WHERE parameter = 'characterset'

ORDER BY NLS_CHARSET_ID (VALUE)

/

The output is like:

NLS_CHARSET_ID NLS_CHARSET_NAME HEX_ID --------------------------------------------- ---------- 1 US7ASCII 1 2 WE8DEC 2 3 WE8HP 3 4 US8PC437 4 5 WE8EBCDIC37 5 6 WE8EBCDIC500 6 7 WE8EBCDIC 1140 7 8 WE8EBCDIC285 8 ................ ... 850 ZHS16CGB231280 352 851 ZHS16MACCGB231280 353 852 ZHS16GBK 354 853 ZHS16DBCS 355 860 ZHT32EUC 35c 861 ZHT32SOPS 35d 862 ZHT16DBT 35e 863 ZHT32TRIS 35f 864 ZHT16DBCS 360 865 zht16big5 361 866 zht16ccdc 362 867 zht16mswin950 363 868 zht16hkscs 364 870 Al24utffss 366 871 UTF8 367 872 UTFE 368 ............................. .....

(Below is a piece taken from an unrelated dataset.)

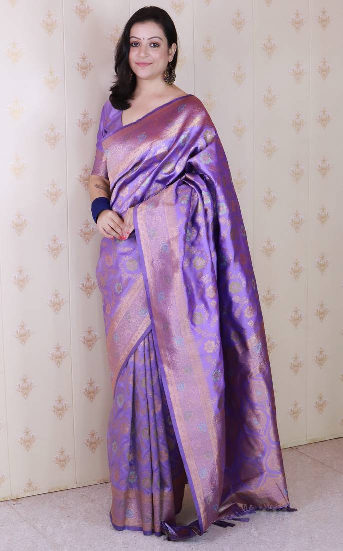 Lavender color banarasi silk saree for graceful traditional looks saree

In many cases, when we conducted an import operation, you have left the source database. At this time, if the character set and export file of the target database are inconsistent, it is necessary to perform special processing. The following introduces several methods, mainly US7ASCII and ZHS16GBK Take advantage of

1. The source database character set is US7ASCII, exports the file character set to US7ASCII or zHS16GBK, the target database character set is zhs16GBK in Oracle92, we found that this export file cannot be properly imported into the Oracle9i database, this It may be because Oracle9i's coding scheme has changed a large change.

The following is a simple test we do, in which the file name rules are: S-Server, follow the Server character set C-Client, and then the client character set when the export operation

When importing, the client character set is set to the command line, which is limited to the space, and we omit some test procedures. For Oracle9ir2, our test results are US7ASCII character sets, no matter how conversion, you cannot correctly import the database of the zhs16GBK character set.

When the import operation is performed, if the character cannot be converted normally, the Oracle database will automatically use one "?" Instead, that is, encoding 63.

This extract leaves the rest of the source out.